Percentile data show the NAEP scale score attained by students performing at higher, middle, and lower ranges of the distribution. In NAEP, the percentile is defined by the percentage of students scoring lower than a particular scale score.
For example, if the 25th percentile is 281, it means that 25 percent of the students scored below 281. Percentile changes over time help indicate trends in how students perform at higher and lower levels.
In the NAEP Data Explorer, scale score performance data are available for student groups at the 10th, 25th, 50th, 75th, and 90th percentiles.
Row percentage indicates the proportion of students represented in the table cell—that is, the number of students represented in a particular cell of the table, divided by the number of students in the row of the table, converted to a percentage. For example, if the row percentage for Black female students is 22%, then Black females composed 22 percent of the total number of students assessed. Technically, row percentage is not a performance metric, but is used to report achievement levels and performance levels.
The NAEP Data Explorer reports several kinds of information about the statistics:
- Standard Deviation
- Standard Error
- Confidence Intervals
- Confidence Intervals: NDE Statistical Specification
- Dependent t-Tests: NDE Statistical Specification
The standard deviation represents a measure of how widely or narrowly scores are dispersed for a particular data set. Specifically, it is the square root of the average squared deviation of scores about their arithmetic mean.
Under general normality assumptions, 95% of the scores are within 2 standard deviations of the mean. For example, if the average score of a data set is 250 and the standard deviation is 35 it means that 95% of the scores in this data set fall between 180 and 320.
In the NAEP Data Explorer, you may obtain Standard Deviations as one of your two choices for Statistics Options in Edit Reports.
NOTE: For use of the standard deviation in NAEP, search the NAEP Technical Documentation at http://nces.ed.gov/nationsreportcard/tdw/query.asp
Standard error is a measure of sampling variability and measurement error for a statistic.
NAEP computes standard error using a combination of sampling error based on Jackknife Repeated Resampling (JRR) and measurement error from the variance between plausible values.
For student groups reported in NAEP, because the percentages of students and their average scale scores are based on samples rather than on the entire population of fourth-, eighth-, or twelfth-graders in the nation or a jurisdiction, the numbers reported are estimates. As such, they are subject to a measure of uncertainty, reflected in the standard error of the estimate. When the percentages or average scale scores of certain groups are compared, the standard error should be taken into account, and observed similarities or differences should not be relied on solely.

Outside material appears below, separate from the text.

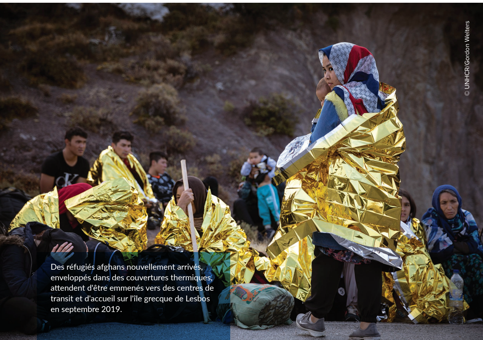
Des réfugiés afghans nouvellement arrivés, enveloppés dans des couvertures thermiques, attendent d'être emmenés vers des centres de transit et d'accueil sur l'île grecque de Lesbos en septembre 2019.

Le 2 septembre, plus de 1400 personnes du centre d'accueil de Moria sur l'île de Lesbos ont été transférées vers l'installation de Nea Kavala au nord de la Grèce. Le HCR continue d'appuyer le transport des demandeurs d'asile depuis les îles vers la Grèce continentale. Toutefois, la capacité des

Therefore, the comparisons presented in the data tables are based on statistical tests that consider the standard errors of those statistics and the magnitude of the difference among the averages or percentages.

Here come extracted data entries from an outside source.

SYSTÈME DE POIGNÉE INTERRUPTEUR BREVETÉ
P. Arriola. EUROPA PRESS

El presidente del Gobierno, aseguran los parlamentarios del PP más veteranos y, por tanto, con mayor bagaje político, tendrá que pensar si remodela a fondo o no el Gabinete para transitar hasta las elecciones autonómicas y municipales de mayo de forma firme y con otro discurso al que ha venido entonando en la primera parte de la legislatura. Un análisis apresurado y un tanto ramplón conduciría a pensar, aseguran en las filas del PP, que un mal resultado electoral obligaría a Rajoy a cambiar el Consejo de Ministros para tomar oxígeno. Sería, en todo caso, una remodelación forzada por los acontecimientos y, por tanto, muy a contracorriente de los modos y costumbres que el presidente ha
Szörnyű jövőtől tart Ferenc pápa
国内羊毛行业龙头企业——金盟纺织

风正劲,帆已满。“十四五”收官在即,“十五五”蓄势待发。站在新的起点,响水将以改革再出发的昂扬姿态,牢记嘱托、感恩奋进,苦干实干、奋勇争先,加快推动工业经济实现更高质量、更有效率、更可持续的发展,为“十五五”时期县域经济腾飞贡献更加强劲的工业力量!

See NAEP Analysis and Scaling at http://nces.ed.gov/nationsreportcard/tdw/analysis/.
NOTE: To discover uses of standard errors in NAEP analysis, search for the term in the Technical Documentation on this website at http://nces.ed.gov/nationsreportcard/tdw/query.asp.
The NAEP Data Explorer user should rely on the results of statistical significance tests rather than on the observed magnitude of the difference between sample averages or percentages when determining whether the sample differences are likely to represent actual differences among the groups in the population.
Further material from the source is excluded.